Nunca coberturas contratuais de planos de saúde estiveram tão em destaque no Poder Judiciário. Temos a discussão sobre a taxatividade do rol de procedimentos e eventos em saúde no STJ, as recentes decisões sobre reajuste por alteração de faixa etária no Tribunal de Justiça de São Paulo e agora a análise da cláusula de incidência de coparticipação em internações psiquiátricas. Com a afetação no Superior Tribunal de Justiça (STJ) de dois recursos sobre o tema, foi criada no sistema de repetitivos o Tema 1.032, delimitando a controvérsia nos seguintes termos:
“Definição da tese alusiva à legalidade ou abusividade de cláusula contratual de plano de saúde que estabelece o pagamento parcial pelo contratante, a título de coparticipação, na hipótese de internação hospitalar superior a 30 dias decorrente de transtornos psiquiátricos”.

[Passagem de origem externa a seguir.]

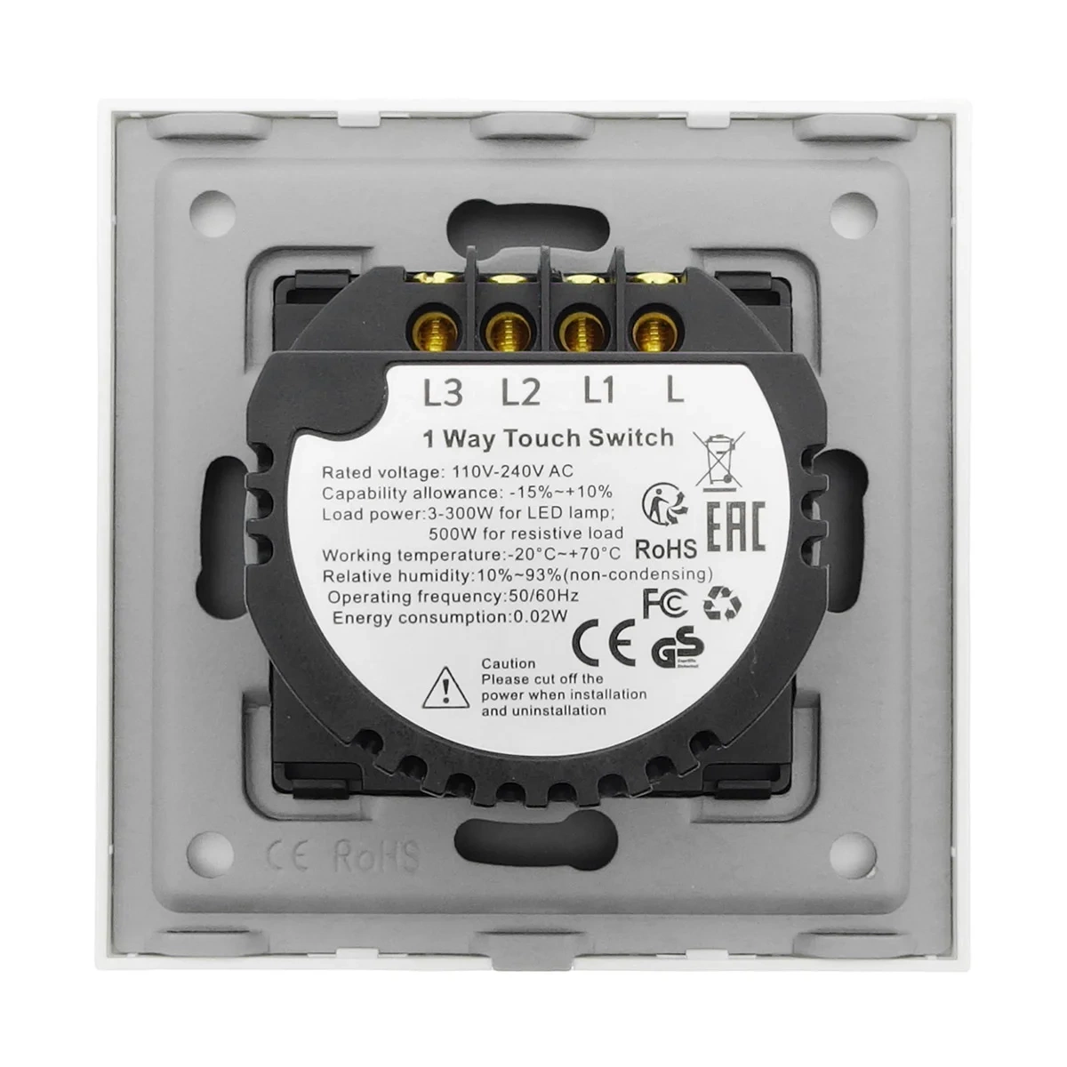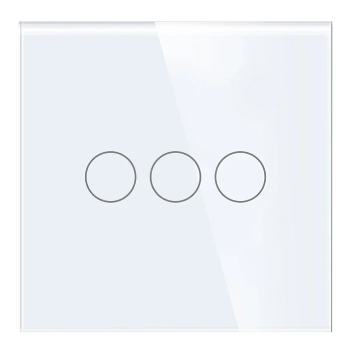 Trójpolowy włącznik dotykowy Tawoia Smart Home to zaawansowane rozwiązanie dla dużych pomieszczeń lub kompleksowego zarządzania oświetleniem. Dzięki minimalistycznemu szklanemu frontowi z wyraźnie oznaczonymi strefami dotyku, jest funkcjonalny i estetyczny zarazem.
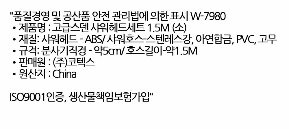 미세홀 분사로 수압상승 효과 샤워헤드 호스세트 1.5M
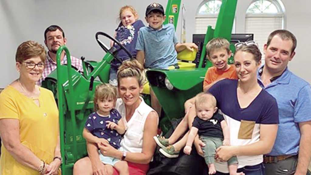 La familia del agricultor Ralph Griesbaum, del condado de Marion, Missouri, quien murió trágicamente en un accidente de tractor volcado en 2018, posa en una exhibición permanente en el edificio de la Oficina Agrícola de Missouri en el recinto ferial estatal. Un fondo conmemorativo establecido por Griesbaums pagó la exhibición
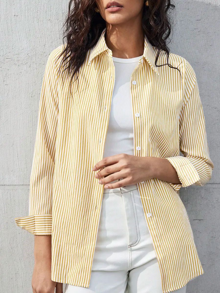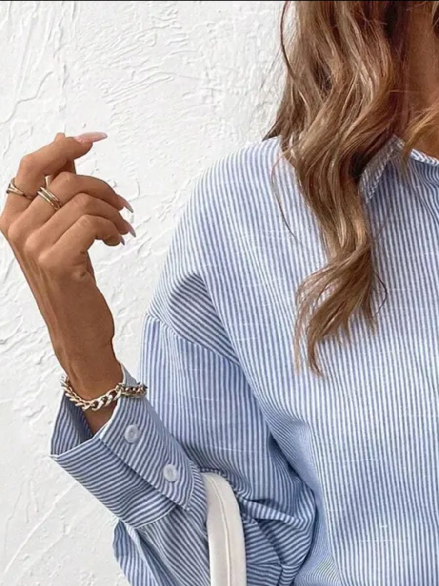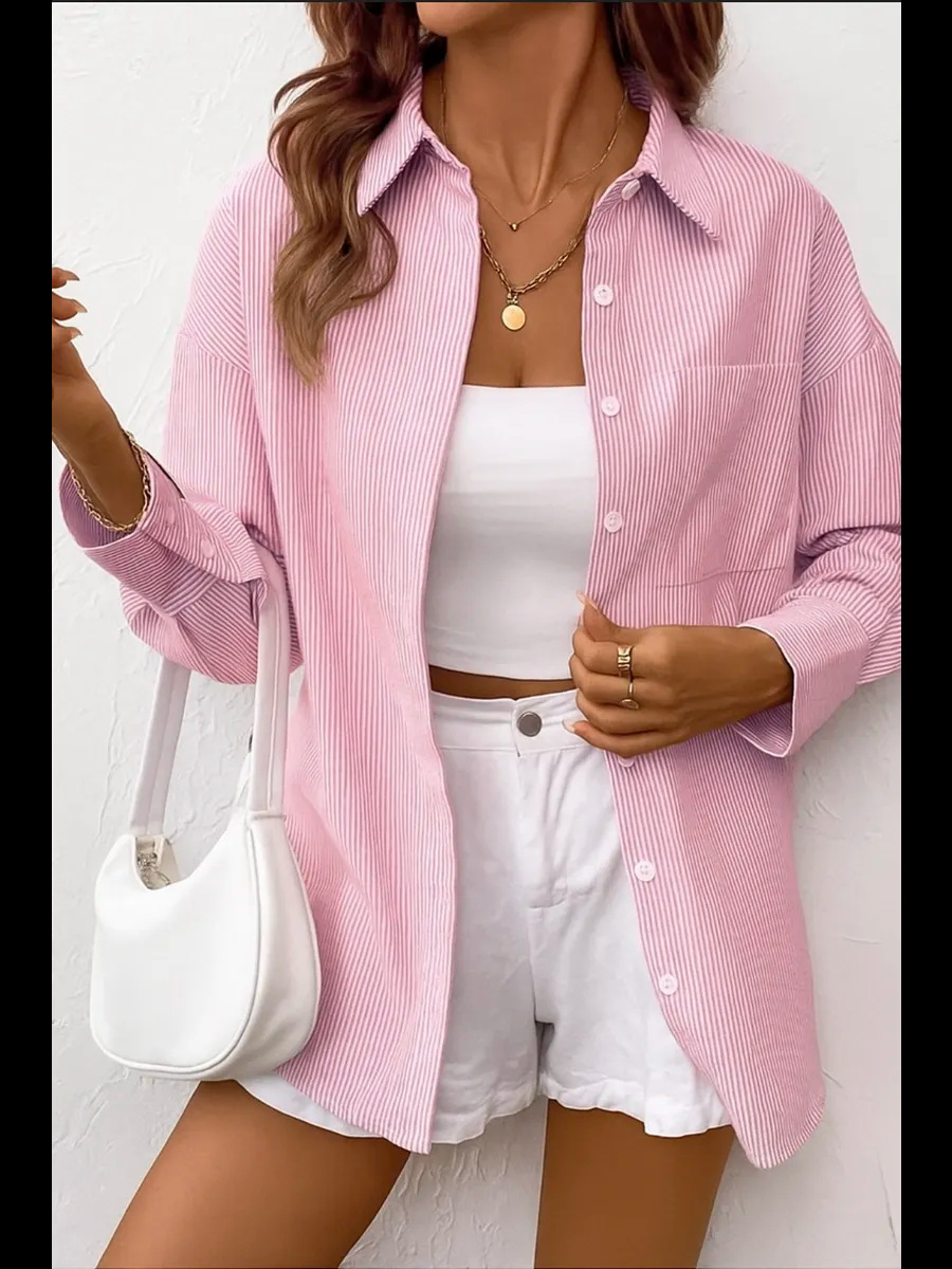 스트라이프 새 여성 셔츠 2025 유럽과 미국의 대외 무역 국경 간 아마존 옷깃 버튼 긴팔 카디건 여름 셔츠스토어 가기
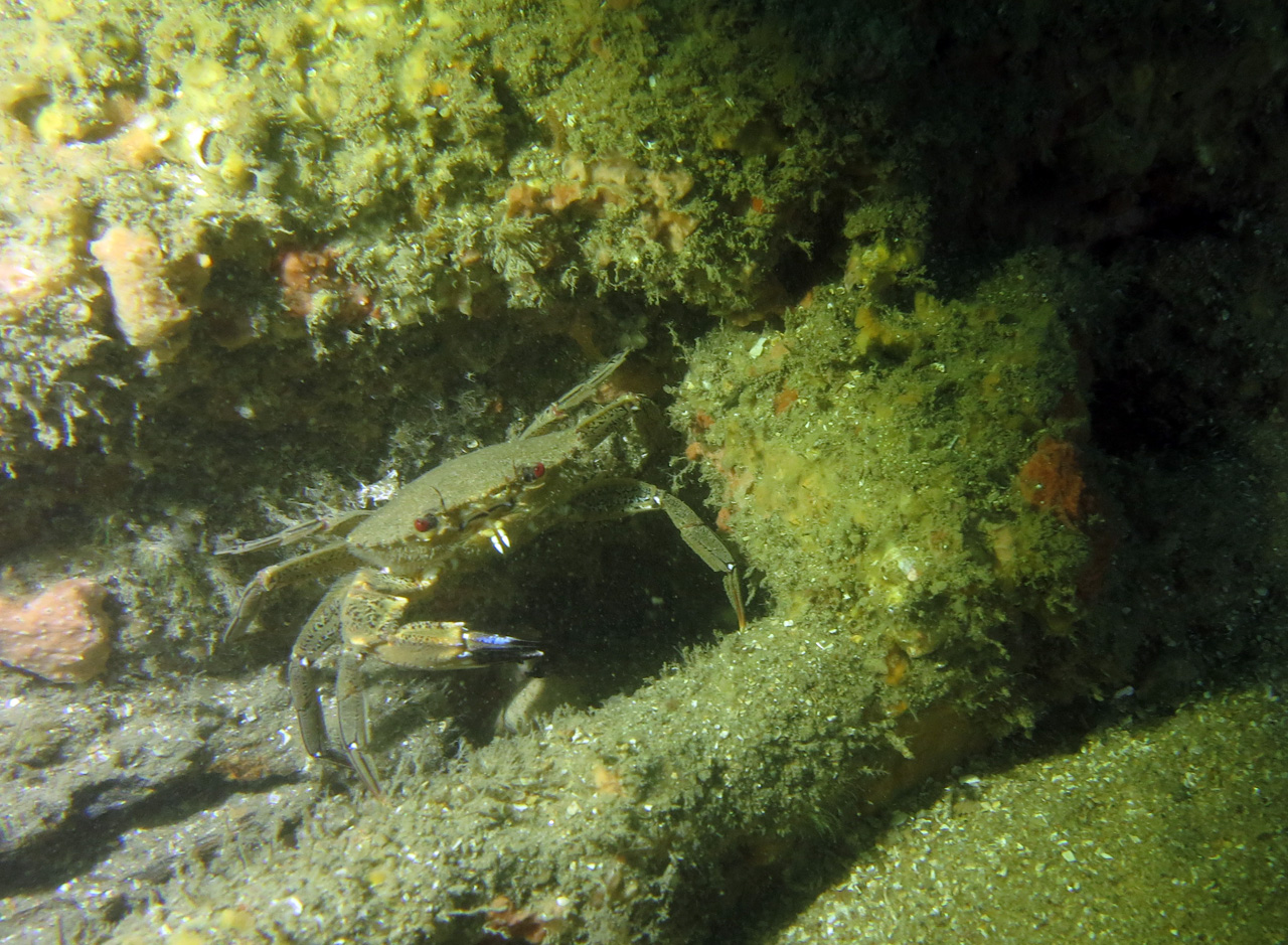 On the wreck, we quickly found a section of wreck standing 4 metres or so from the seabed, which was at around 32 metres. We seemed to swim around this for a while, spotting Lobsters, some large crabs, a couple of Conger Eels and even a Butterfish (pretty sure that was a first in the UK for me).
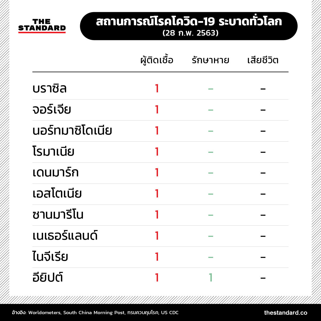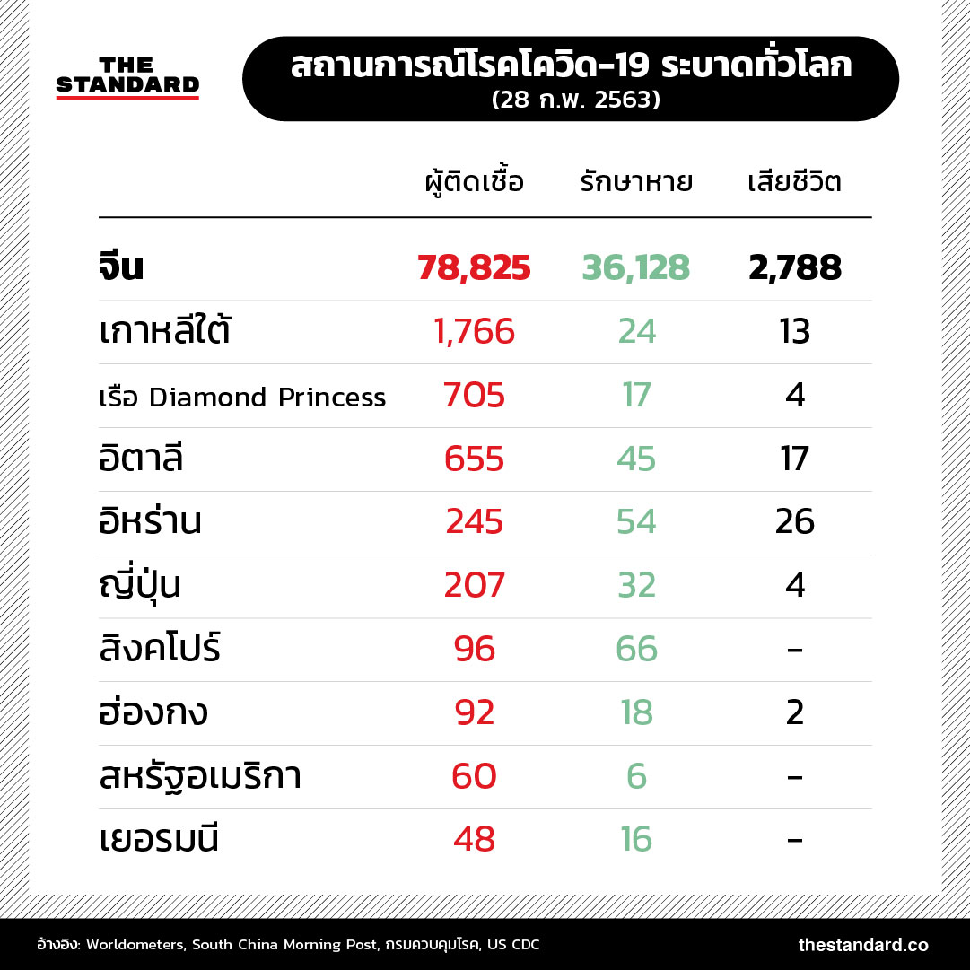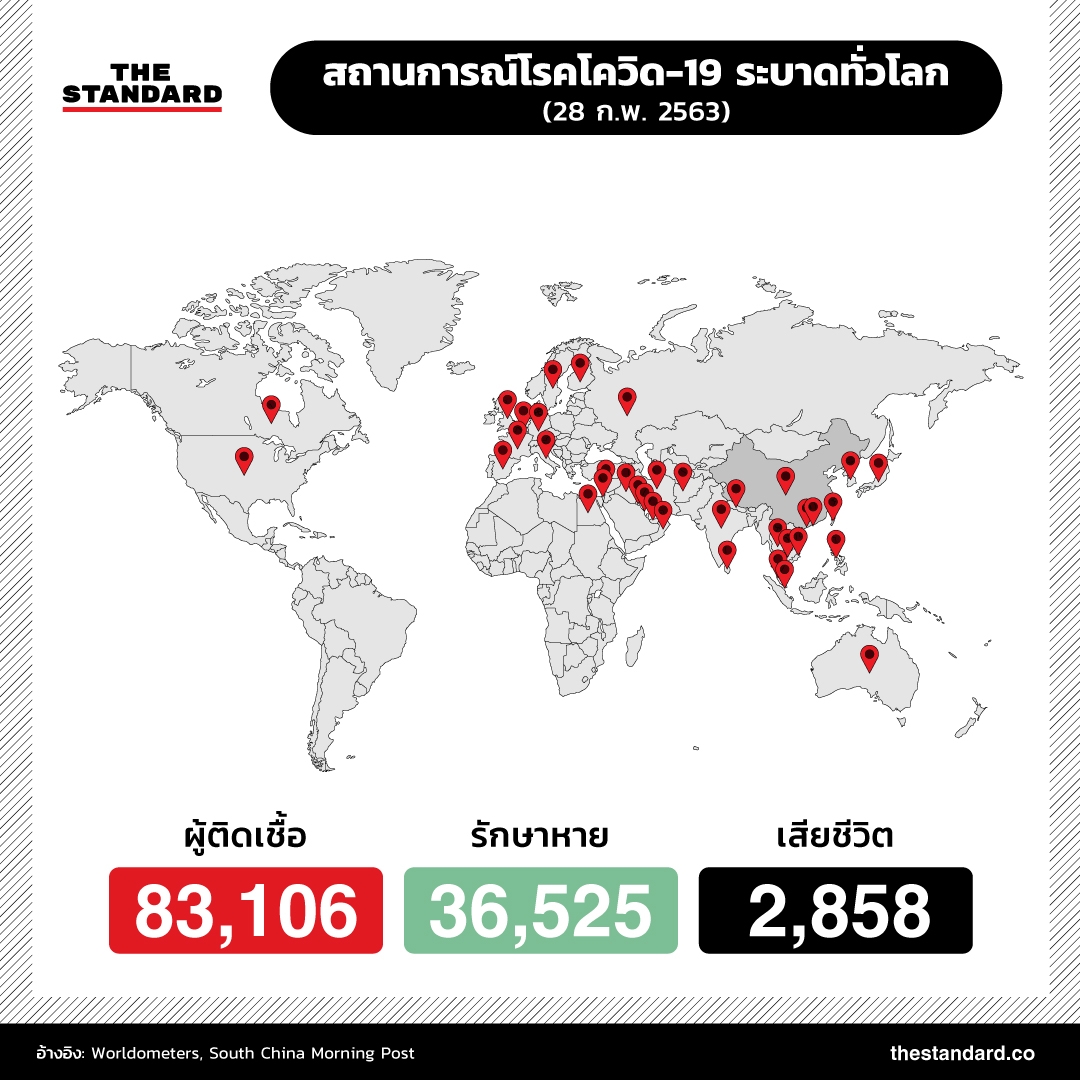 ยอดผู้เสียชีวิตจากโรคโควิด-19 (โรคติดเชื้อไวรัสโคโรนาสายพันธุ์ใหม่ 2019) ทั่วโลกเพิ่มสูงกว่า 2,800 ราย ขณะที่จำนวนผู้ติดเชื้อพุ่งสูงเกิน 83,000 รายแล้ว ภาพรวมสถานการณ์การระบาดล่าสุดเป็นอย่างไร
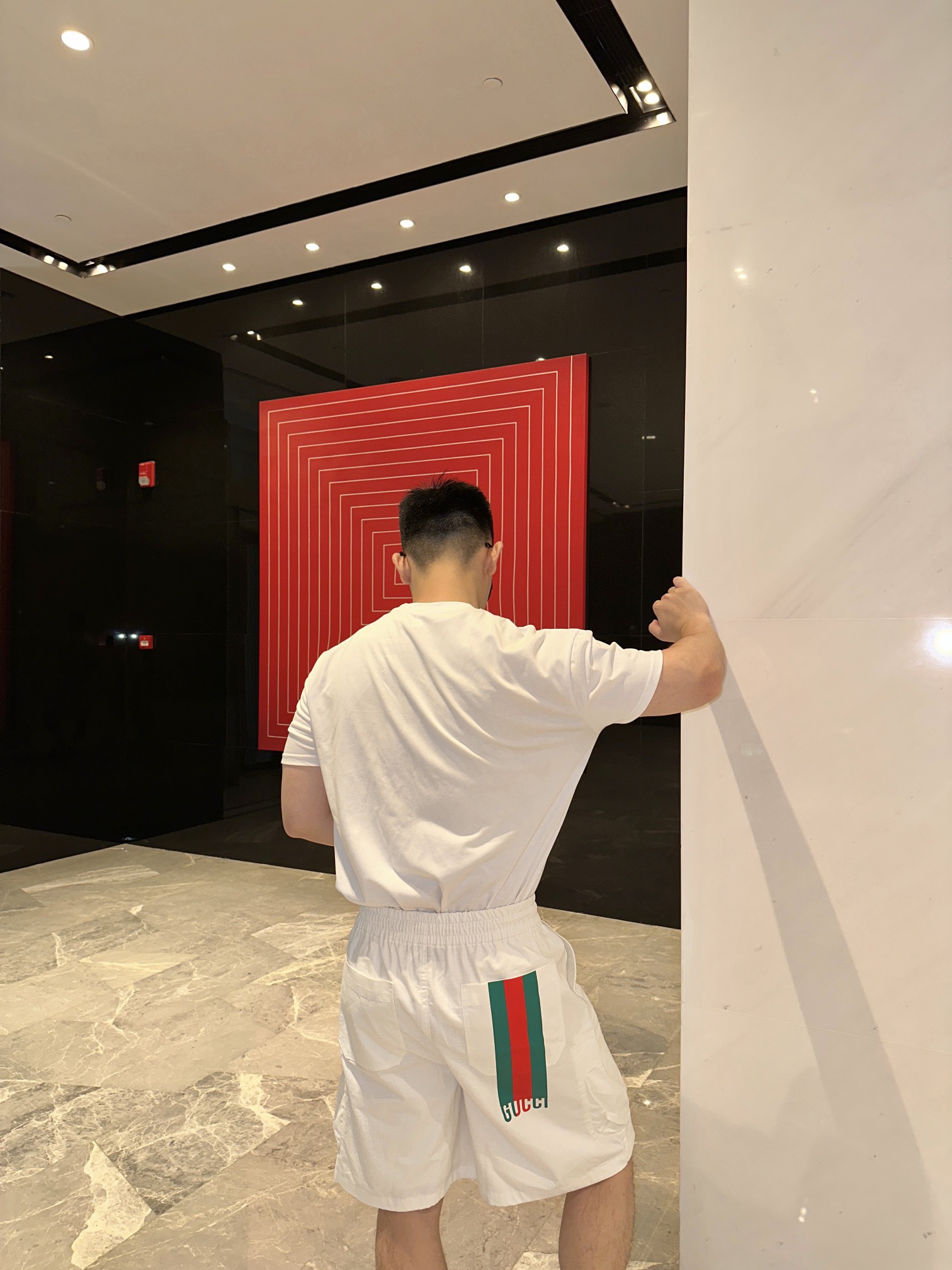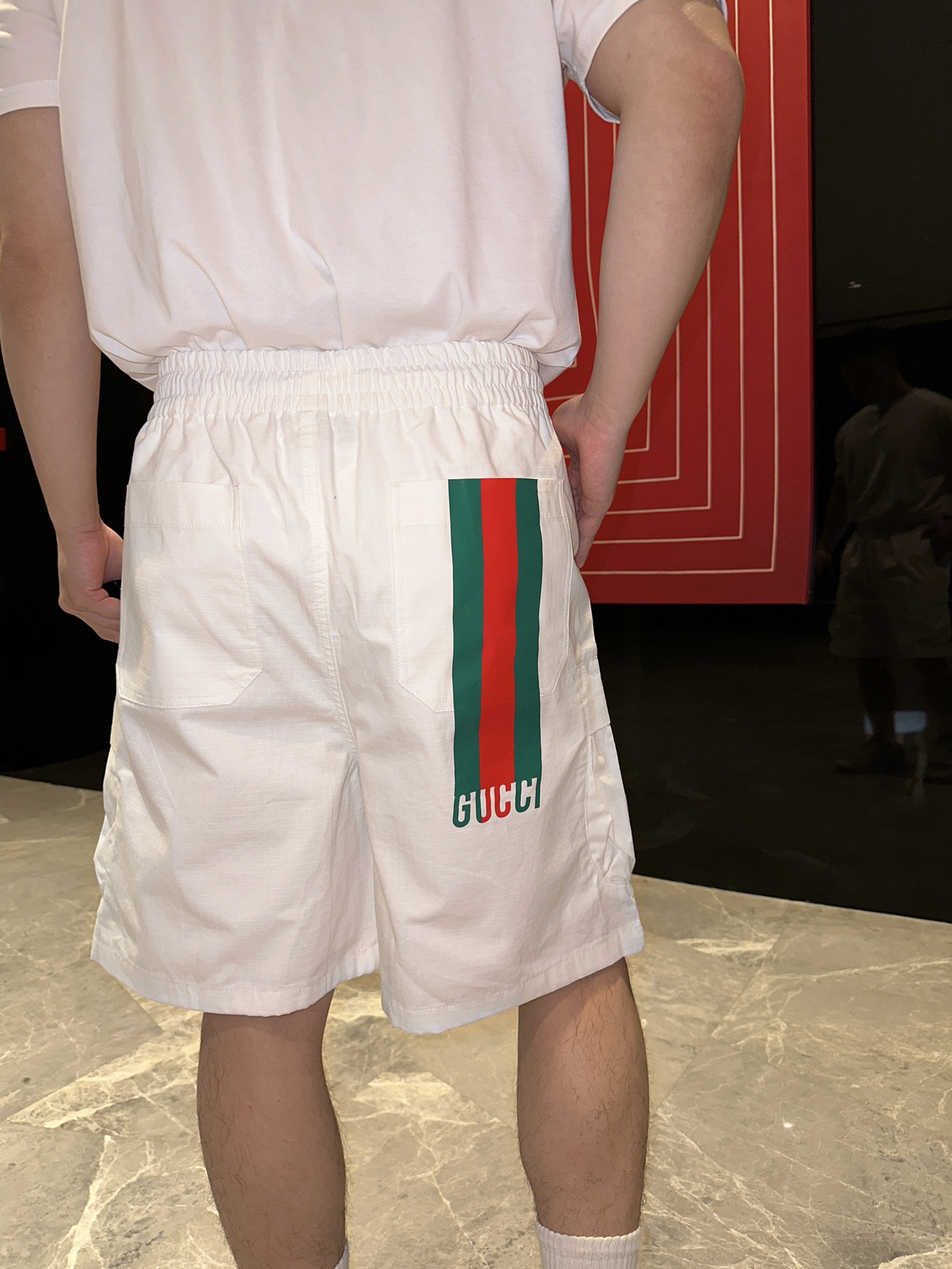 GUCCI/古驰 背后红绿字母印花白色休闲运动短裤 上身效果#

O relator Ministro Marco Buzzi afirmou que “A controvérsia é dotada de destacada relevância, a atrair o mister constitucional do STJ para a definição acerca da correta interpretação de dispositivo do Código de Defesa do Consumidor e a sua aplicabilidade a contratos firmados entre operadoras de planos de saúde e consumidores, cuja relação jurídica é regulada pela Lei 9.656/1998”. Parece que o assunto gira em torno somente da cláusula contratual e a previsão do Código de Defesa do Consumidor (CDC), mas há muito mais a ser considerado.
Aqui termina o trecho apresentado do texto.